Dataset items
◇ ◇ ◇

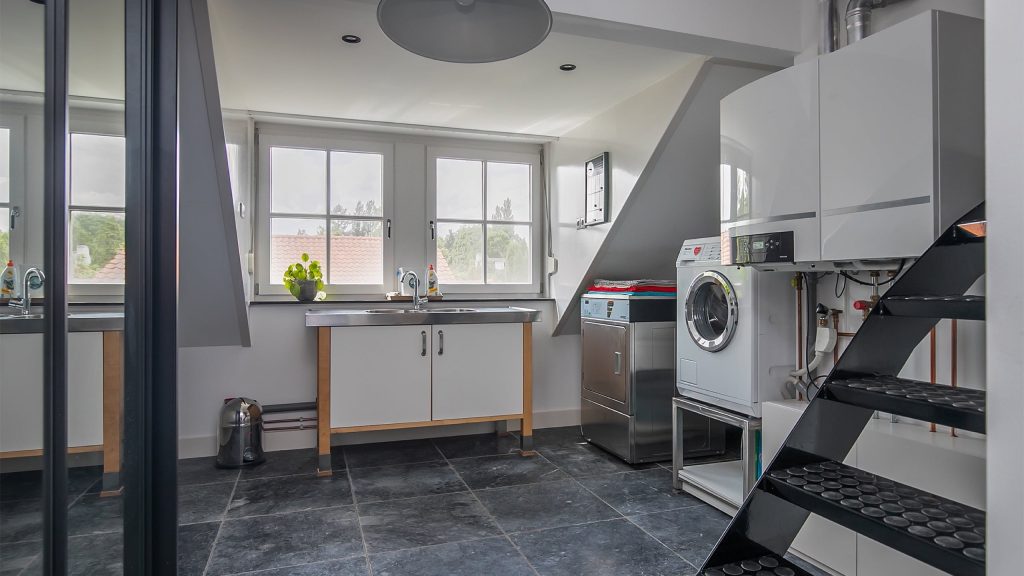 Grote was-/ strijkkamer met vide, keukenblok, dakkapel, aansluitingen voor de wasapparatuur, c.v. combi ketel, zonneboiler en de trapopgang naar de tweede verdieping.
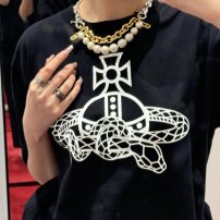 西太后新字母款土星星球印花圆领短袖T恤 男女同款 黑色粉字
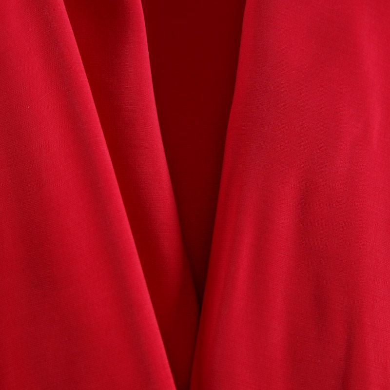 Итальянская купро плательно-костюмной плотности красного оттенка. Ткань мягкая, пластичная, струящаяся, отлично драпируется, не просвечивает. Поверхность ткани бархатистая, похожа на мокрый шелк. Идеально подойдет для платьев свободного силуэта, брюк-палацио, юбок, шорт, туник, платья-рубашки, блузы.
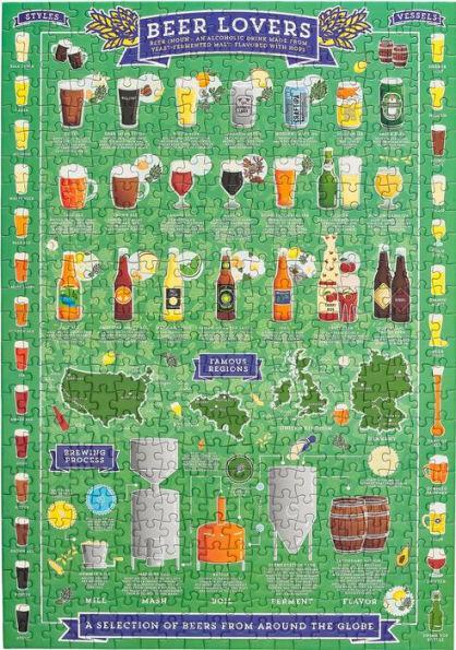 Beer lovers -- crack open a cold one and toast to this Beer Lover's Jigsaw Puzzle from Ridley's Games! Learn about popular beer varieties and regions when solving the beautiful, hand-illustrated puzzle and refer to the poster guide to help you along. This 500 piece jigsaw is the perfect gift for any avid beer drinker, featuring a collection of beers, lagers, pilsners and ales, all packaged in a beer can style tube.
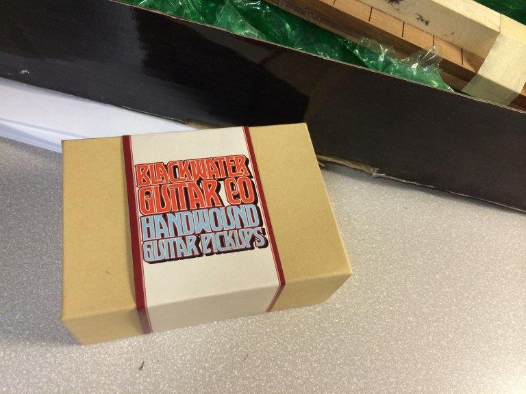 I recently had the opportunity to try out some new pickups from BlackWater Guitar Co. run by Aaron Brown in Texas. I’d ordered some pickups before from him for two of my other builds which were rock and metal oriented, but this time i wanted something different. I wanted a lower output pickup to change things up. Over the course of a month or two we talked about music and playing styles, and the particulars of what we liked in a pickup. Interestingly our tastes in what a good pickup aligned, even though the music that we both played differed. In the end I left it up to him to make a set for me as he saw fit. A few weeks later a box appeared at my door and I had my new zebra Dirt Wizard Set.
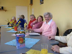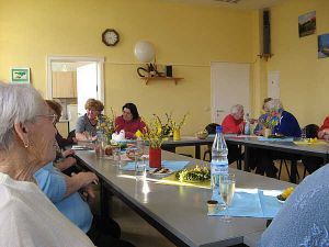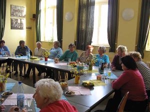 Auch 2010 wurde im Frauentreff Ostern gefeiert, am 23. März. Draußen stand, herrlich geschmückt, die beim letzten Treff geplante Osterkrone und im Bürgerhaus sorgten österlich dekorierte Tische für entsprechende Stimmung bei den Frauen.
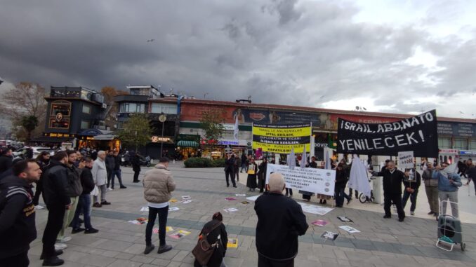 Eylem boyunca “Katil İsrail Filistin’den Defol, Yaşasın Gazze Direnişimiz, Yaşasın Küresel İntifada, Katil ABD Ortadoğu’dan Defol, İşbirlikçi Rejimler Hesap Verecek, Soykırıma Değil Direnişe Destek Ol, BM Terör Örgütü, BM Kararı İşgal Yasası, İsrail’le Ticaret Filistin’e İhanet, Direniş Sürüyor İntifada Büyüyor“ sloganlarını attık, tekbir getirdik.
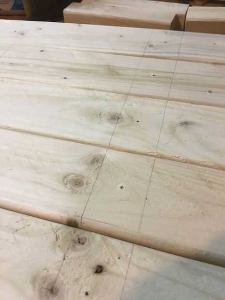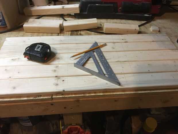 Una vez que los soportes marcados, taladre agujeros pilotos. Coloque los agujeros en el medio donde serán los soportes. (Sólo usé un tornillo por el pedazo de madera superior por soporte). Me gusta hacerlo debido a las líneas de lápiz y cualquier marca de perforación que se hace desde la parte inferior.

◇ ◇ ◇

What this task involves: Please reproduce exactly, and nothing more, the lines from the one containing "attık, tekbir getirdik." through the last line of the entries, both included; pictures stay out.

Task response:
 Eylem boyunca “Katil İsrail Filistin’den Defol, Yaşasın Gazze Direnişimiz, Yaşasın Küresel İntifada, Katil ABD Ortadoğu’dan Defol, İşbirlikçi Rejimler Hesap Verecek, Soykırıma Değil Direnişe Destek Ol, BM Terör Örgütü, BM Kararı İşgal Yasası, İsrail’le Ticaret Filistin’e İhanet, Direniş Sürüyor İntifada Büyüyor“ sloganlarını attık, tekbir getirdik.
 Una vez que los soportes marcados, taladre agujeros pilotos. Coloque los agujeros en el medio donde serán los soportes. (Sólo usé un tornillo por el pedazo de madera superior por soporte). Me gusta hacerlo debido a las líneas de lápiz y cualquier marca de perforación que se hace desde la parte inferior.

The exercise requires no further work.